Singapore skyline (by Merlion444 [CC0], via Wikimedia Commons)

Singapore is a success story. As founding father Lee Kuan Yew said in his autobiography, Singapore moved from being a third world country in the 1960s, to being one of the richest countries on earth by the end of the 1990s.

Singapore is a city-state which in the middle of the 1990s was half the size of Hong Kong, with a population of 3.04 million (Kwong / Chau et al. 2001, p. 1). A former British colony, Singapore's political situation after WWII was tumultuous. The city was granted independence from the British Empire in 1958. Singapore's leaders, however, did not want to found a separate state, but to become part of neighbouring Malaysia.

In the 1959 elections, the People's Action Party (PAP), which still rules Singapore today, "promised clean, efficient politics and pledged to address issues in education, labor, housing, health, social security, economic growth through industrialization, and merger with the Malay Federation as a pathway to full independence from Britain," (Abshire 2011, p. 121). The PAP won and Lee Kuan Yew became the first Prime Minister of Singapore. In hindsight, the promise made in 1959 was fulfilled.

In 1957, 50% of the Malay Federation's population was made up of Malay and 37% of Chinese, while in Singapore the figures were respectively 13% and 75% (ibid., p. 124). In July 1963 the merger between the Malay Federation was finalised (p. 127), but ethnic and political tensions led to serious conflicts, and on August 6 1965 Singapore was forced to exit the Federation and declared its independence as a separate sovereign state (ibid., p. 131).

As Singaporean Professor Kishore Mahbubani explained in his best-seller Can Asians Think?:

"When Singapore gained independence in 1965, its leaders cried rather than cheered.

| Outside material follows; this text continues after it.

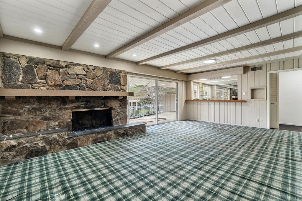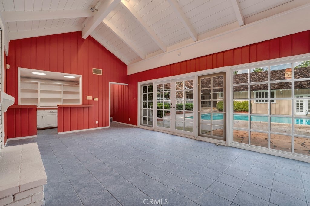Situated on one of the most coveted Queen streets, South of Ventura Boulevard in a prestigious and highly coveted Woodland Hills neighborhood, this commanding estate offers an unparalleled blend of scale and character. Resting on a massive, flat 19,182-square-foot lot, the residence spans nearly 4,900 square feet of single-level living space, greeting you with architectural drama from the moment you step through the double-door entry. The grand living room serves as the home’s centerpiece, featuring soaring vaulted ceilings with exposed wood beams, a massive floor-to-ceiling stone fireplace, and expansive leaded-glass windows that flood the interior with natural light while framing views of the lush, private grounds. Designed for those who love to entertain, the home flows effortlessly into a spacious family room anchored by a rich wood-paneled wet bar and direct access to the expansive backyard. The chef’s kitchen is a model of functional scale, boasting dual skylights, a center island, double wall ovens, and ample cabinetry, all overlooking a bright breakfast nook. Adding to the property’s immense versatility is an attached guest house with a private entrance, perfectly suited for a high-end recording studio, a quiet home office, or a sophisticated guest suite for multi-generational living. The primary suite is a true sanctuary of grand proportions, offering a classic white brick fireplace, plantation shutters, and a unique vanity area with floor-to-ceiling glass that peers into a secluded garden. The exterior grounds represent the quintessential California lifestyle, offering a sprawling backyard that is rare for the area. A sparkling, oversized swimming pool is surrounded by a vast concrete deck, providing the perfect canvas for al fresco dining and large-scale gatherings. With a wide-set driveway leading to a three-car garage and mature landscaping providing ultimate seclusion, this property is a private retreat just minutes from the hiking trails of Serrania Park, top-rated schools, and the world-class shopping and dining at The Village at Westfield Topanga. Whether you are looking to move right in or customize a mid-century masterpiece, this Queen Victoria estate offers a rare opportunity to own a legacy property in one of the San Fernando Valley’s most exclusive enclaves.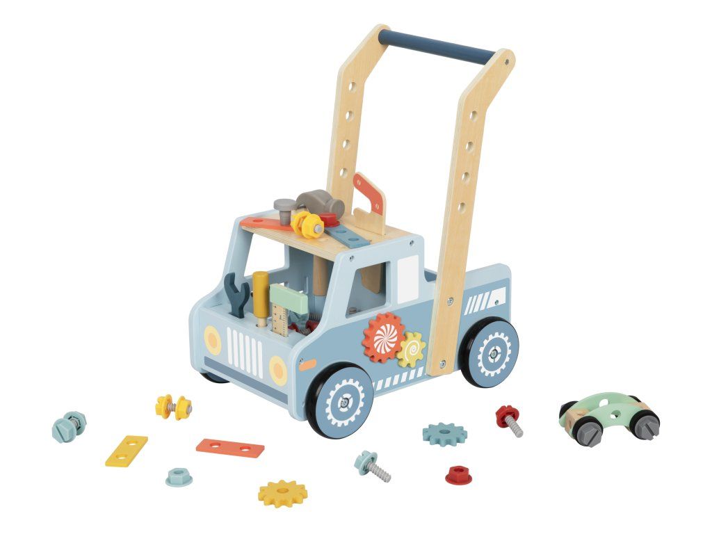 Chodítko a pracovní pultík s nářadím 2v1 Multifunkční pomůcka pro první krůčky Dřevěné multifunkční chodítko s aktivitami a nářadím od Tooky Toy je skvělým pomocníkem pro malé kutily. Chodítko funguje také jako pracovní pultík, na kterém děti najdou různé barevné nářadí a dílky na skládání a šroubování. Malí kutilové si tak mohou opravovat, tvořit a vozit své „nářadí“ po bytě.Rozvíjí motoriku a kreativitu Při chůzi s chodítkem získávají děti potřebnou stabilitu a jistotu pohybu, zatímco práce s nářadím procvičuje jejich jemnou motoriku. Šroubováním, skládáním a manipulací si zároveň rozvíjejí logické myšlení a představivost. Hračka je vyrobena z odolného dřeva a bezpečných materiálů, ideálních pro malé ručičky.

The idea that a small island city-state of two million people with no hinterland could survive in what was then a difficult and troubled region seemed manifestly absurd. The odds were always against Singapore succeeding" (Mahbubani 2004, p. 241).

But against all odds, Singapore did succeed. Between 1960 and 1990 Singapore's GDP increased ten-fold. In 1965, when Singapore became independent, its per capita GDP was 54% as large as Japan's, and 14% as large as the United States'. Singapore's GDP was still half that of Japan and 54% that of the United States in 1990, but it reached 87% and 70% respectively in 2006. 

With an area of just 700 km2 and a population of 4 million in 2000, Singapore was the 13th largest exporter and the 24th country in the world in terms of GDP out of 179 countries. In terms of purchasing-power-parity (PPP), Singapore was ranked 17th, surpassing Japan, Germany, Italy, France, Taiwan, and the EU average (Akkemik 2009, p. 27).

In 2017, Singapore's per capita GDP was approximately $US57,000 (the United States' is $US59,000). In terms of PPP, Singapore's per capita GDP in constant 2011 international $ was approximately 85,500 (the US' was 54,000). 

How did Singapore achieve this remarkable development?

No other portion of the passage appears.